In this season of creation (the month of September) we turn to a text that challenges our sense of proportion when it comes to the question of what we need. I did not say what we want, but what we need. This Exodus account is filled with some magic bits, some divine legerdemain, but do not be put off by that. It is after all a story from the wonderful ancient time of the wilderness. We are not called to hunt out the location and time of the manna and quail in the same way that we are not required to go to the castle Elsinore to understand the riches of Hamlet. The story is all here, but as with all good stories they may well be true for all time.

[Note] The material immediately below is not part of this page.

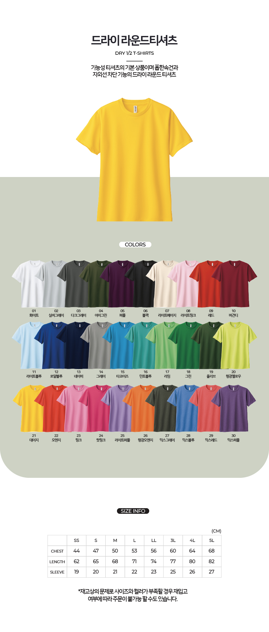 기능성 티셔츠의 기본 상품이며 흡한속건과 자외선 차단 기능의 드라이 라운드 티셔츠
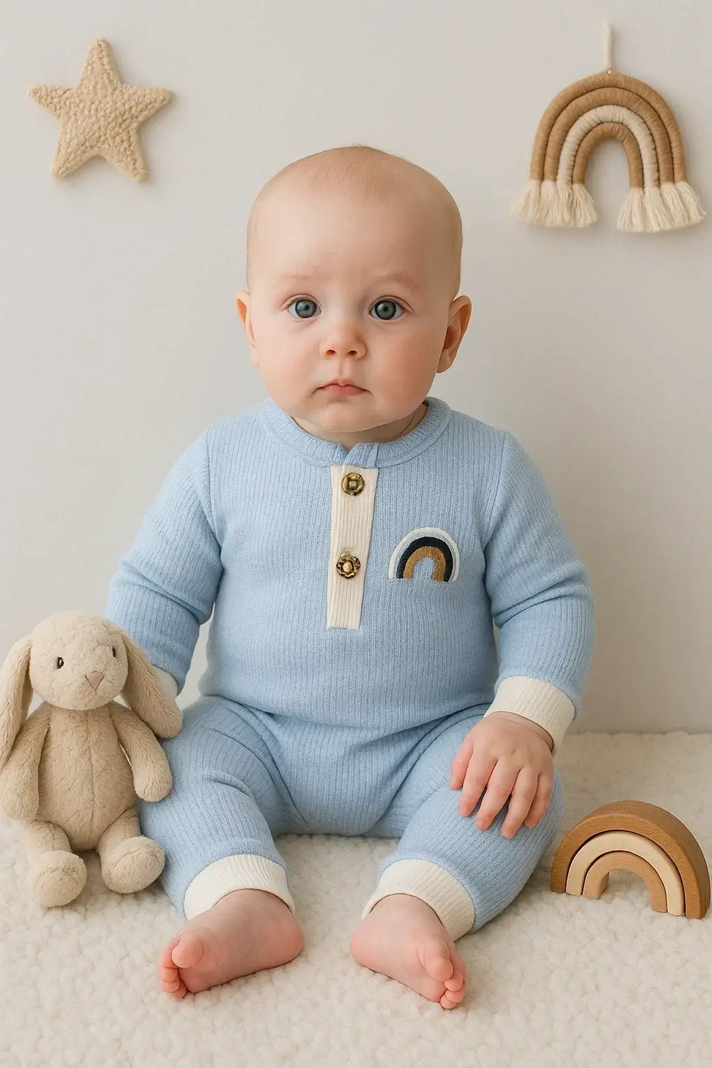 Waffle Gökkuşağı Nakışlı Erkek Bebek Tulumu

Not two feet out of the slave pits of Egypt, the Israelites begin their "grumbling" against Moses and Aaron and YHWH in the wilderness. This grumbling (or "murmuring" or "complaining") is so endemic among them that it becomes a veritable motif of their activity in the wasteland of the Sinai desert. No sooner has the echo of Miriam's loud song of victory ceased resounding (Ex. 15:21), than the Israelites turn from choir to mob, demanding from Moses water: "And the people complained against Moses, saying, 'What shall we drink?'" (Ex. 15:24). Moses quickly turns brackish water into sweet by hurling a YHWH-supplied tree into it, a clear announcement that "I am the YHWH who heals you" (Ex. 15:26).

But the satisfaction with YHWH's provision ends all too soon, and the grumbling crowd is at it again. "The entire congregation of the Israelites complained against Moses and Aaron in the wilderness. The Israelites said to them, 'If only we had died by YHWH's hand in Egypt, when we sat down by the flesh-filled pots and ate bread until satiation. But you have brought us out into this wilderness to kill the whole assembly with hunger!'" (Ex. 16:3) This would be hilarious, if it were not so pathetically whiney. This bunch, in fact, never had pots filled with meat and unlimited bread back in Egypt; we are told, to the contrary, that they made brick without straw and scrounged a living in any way that they could. Besides, Moses made it abundantly clear to them and to pharaoh that the goal of their escape and subsequent time in the desert was not in fact to murder them, but to bring them to the land long promised by YHWH. These nincompoops are far more than a handful! Little wonder that later, in Exodus 32, Moses may have paused for just a moment when YHWH offers to kill all these clowns and start a new chosen people with Moses at their head (Ex. 32:7-8). Voiding the world of such complainers would certainly make the work of the prophet and lawgiver far easier. All the more remarkable that he offers his own life for the wretches (Ex. 32:32)!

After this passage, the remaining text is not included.